Prompt
From the first line of the listing, copy each line exactly until you have included the line with "DWVO Large 18"; leave out the pictures.

Dataset extract
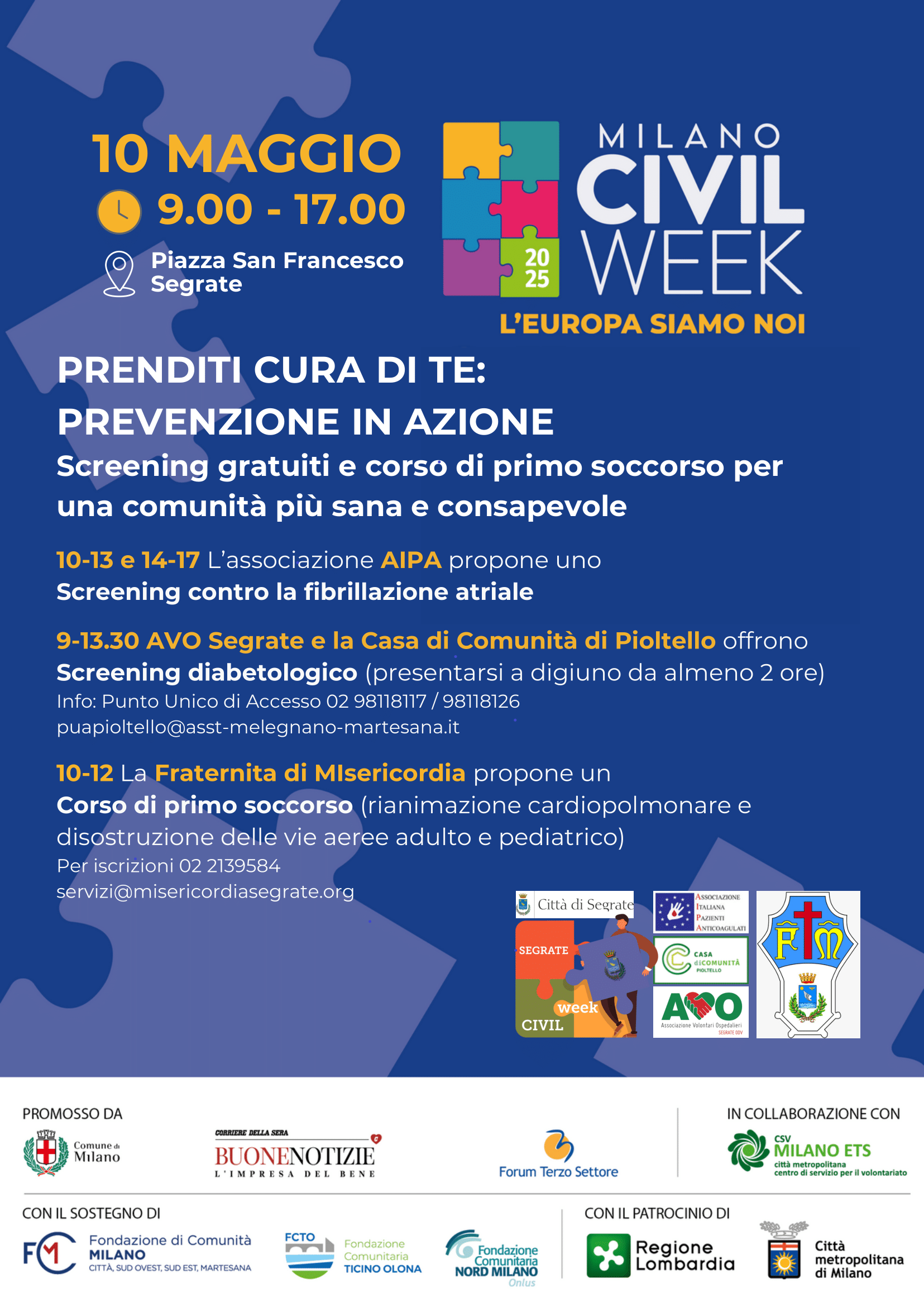 Milano Civil Week - Prevenzione e Screening | 10 maggio | Piazza San Francesco - Segrate | |
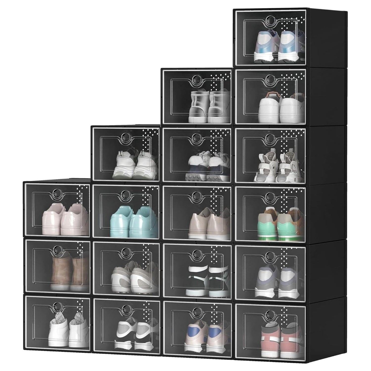 DWVO Large 18 Pack Shoe Storage Boxes, Plastic Stackable Shoe Storage Organizer for Closet, Fit up to US Size 13, Foldable Shoe Rack Clear Sneaker Containers (Black, Large)
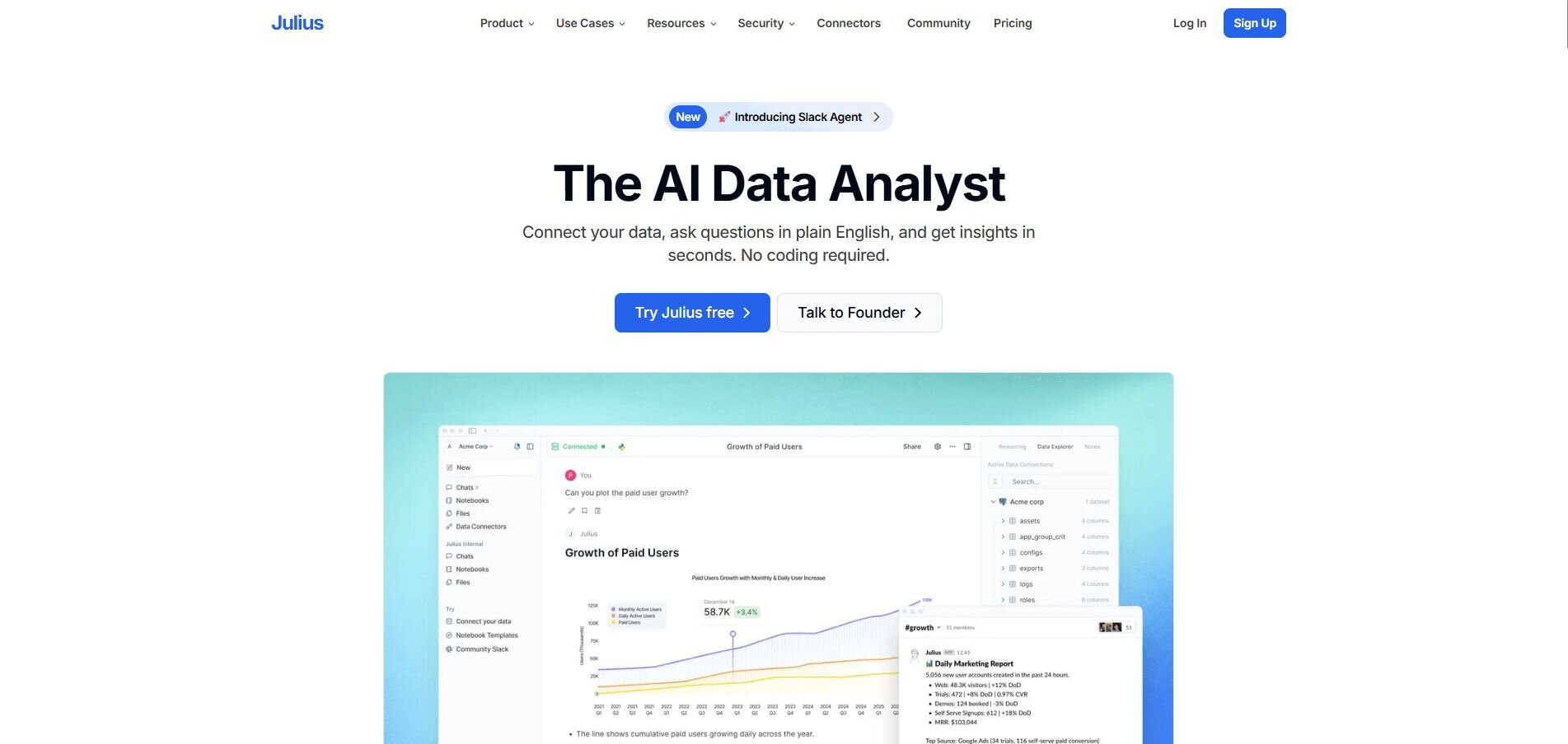 Julius connects directly to databases like Postgres, Snowflake, and BigQuery, so you don’t need to export files or request custom integrations just to run analysis. You can also upload CSV or Excel files when needed. Business users can ask questions in natural language and get charts, reports, and summaries based on the data your team already manages.
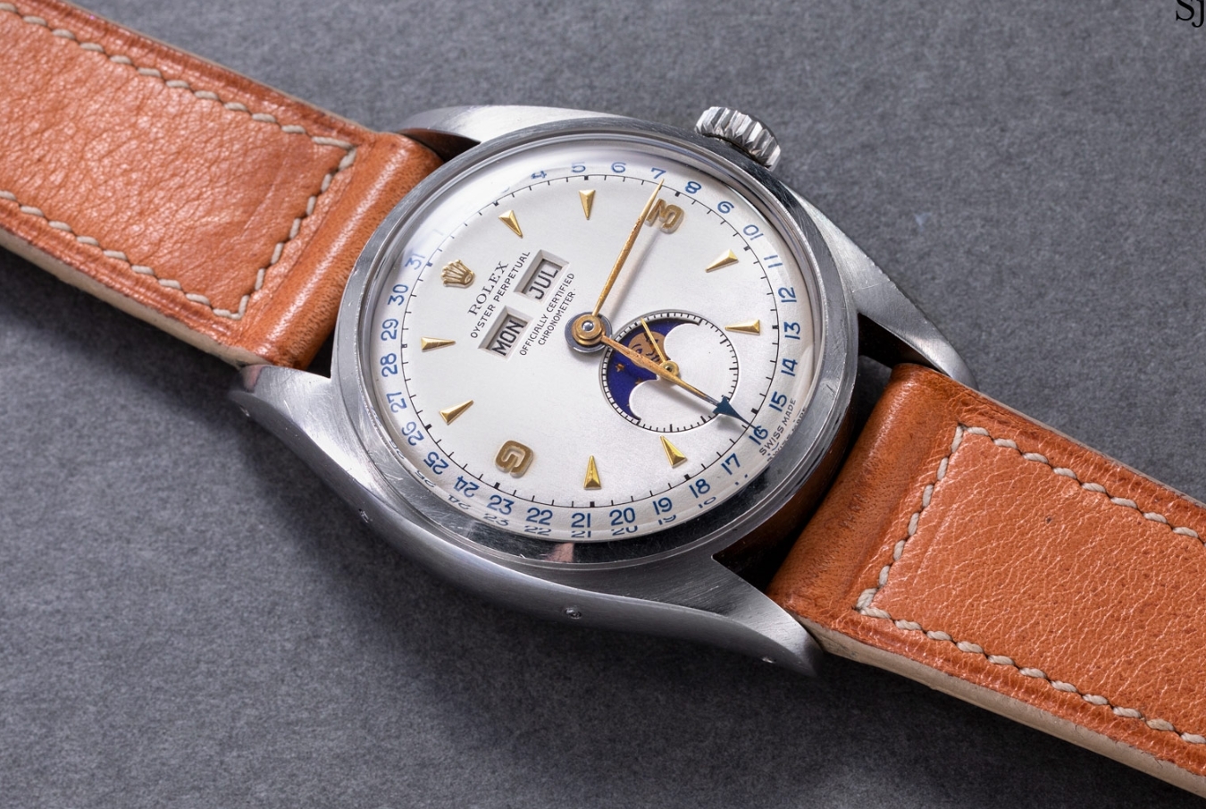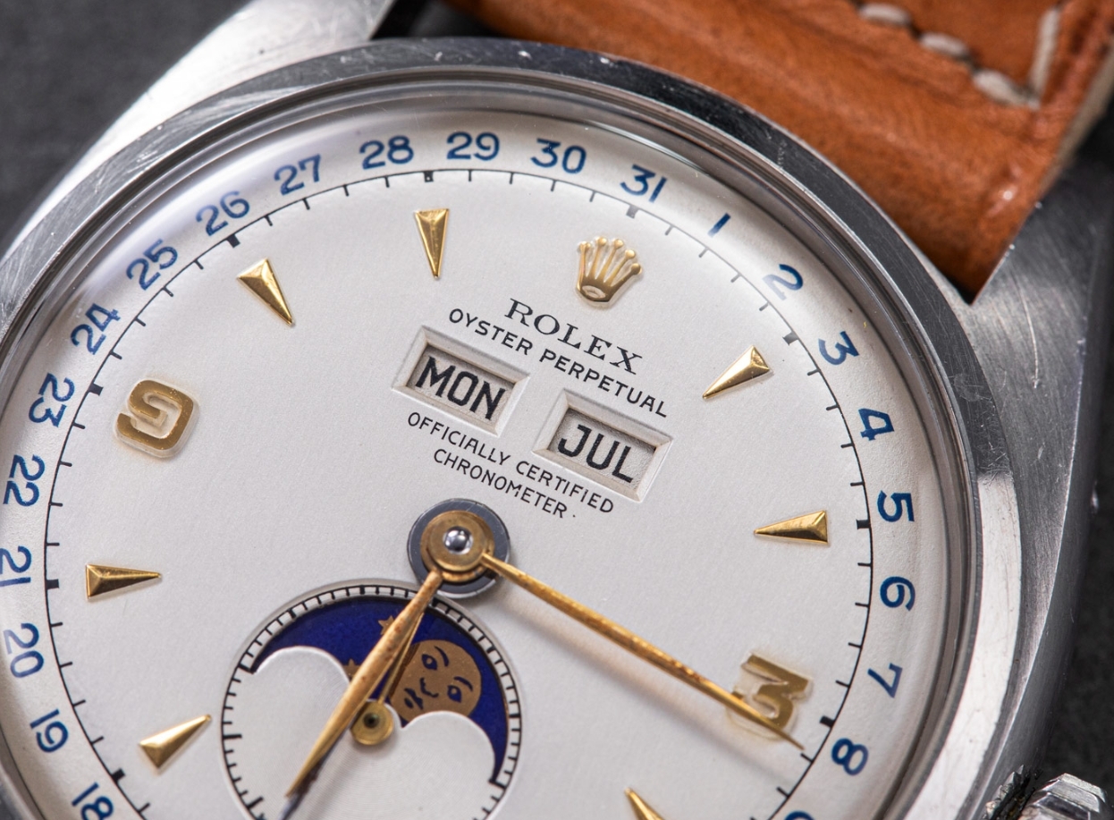 Another notable detail on the dial are the calendar windows, both of which retain the sharply bevelled edges that characterise an original dial that has not been cleaned or reworked.
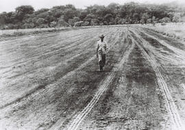 "Fotografia preta e branca em formato paisagem. Representante digital consta manchas brancas e deterioração devido às ações do tempo. Registro térreo de um senhor caminhando em direção ao fotógrafo transitando sobre o solo de terra batida em uma região em processo de terraplenagem, em Brasília, durante os primeiros anos de construção da nova capital, entre os anos de 1956 e 1957. O senhor na imagem, possivelmente, trata-se de um operário candango, trajando um chapéu claro, camisa de botão branca semi aberta, calça larga com cinto preto de fivela e botas escuras, e um vislumbre do que parece ser um relógio em seu braço esquerdo. Sua fisionomia faz retratar um senhor de meia idade com pele escura, caminhando no sentido do registro, com postura ereta e olhares fixos no fotógrafo. Ele caminha sobre um solo descampado, que devido a ação antrópica, reflete o desmatamento ocasionado durante o período de construções da vias e edificações em Brasília. A região caracteriza-se por um solo retangular terraplanado, cercado por vegetação de Cerrado, onde, nas laterais (esquerda, direita e um pequeno trecho no plano de fundo) nota-se vegetasção campestre (campo sujo) e ao fundo mata de galeria que acompanha algum curso d'água. A diferença de solo é percebida pela mudança abrupta entre a grama e o solo terroso, com pequenas porções de terra demarcando parte do retângulo terraplanado. Em evidência, identificam-se marcas de pneus, marcando os fluxos dos maquinários e veículos utilizados no auxílio do nivelamento do solo para recebimento de pavimentação. Ao fundo, a vegetação se adensa, configurando uma vegetação de Cerradão típico (Cerrado Sentido Amplo) com a presença de árvores adensadas de médio e grande porte. Um fato histórico relevante foi que, durante a década de 1940, Getúlio Vargas (1882-1954) incentivou a ocupação do Cerrado Brasileiro, por meio do slogan “Marcha para o Oeste” havendo um pleno incentivo a ocupação do interior do Cerrado, a partir daí, com a construção de Brasília na década de 1950 o fluxo de imigrantes foi cada vez maior, ocasionando forte adensamento demográfico e consequentemente, a construção da infraestrutura necessária para o acesso a região – por meio das rodovias. A principal problemática dessa ocupação foi, justamente, a demasiada degradação do ecossistema causado durante o processo, afetando diretamente a vegetação do Cerrado existente (Brochado, 2014).

Exercise result
 Milano Civil Week - Prevenzione e Screening | 10 maggio | Piazza San Francesco - Segrate | |
 DWVO Large 18 Pack Shoe Storage Boxes, Plastic Stackable Shoe Storage Organizer for Closet, Fit up to US Size 13, Foldable Shoe Rack Clear Sneaker Containers (Black, Large)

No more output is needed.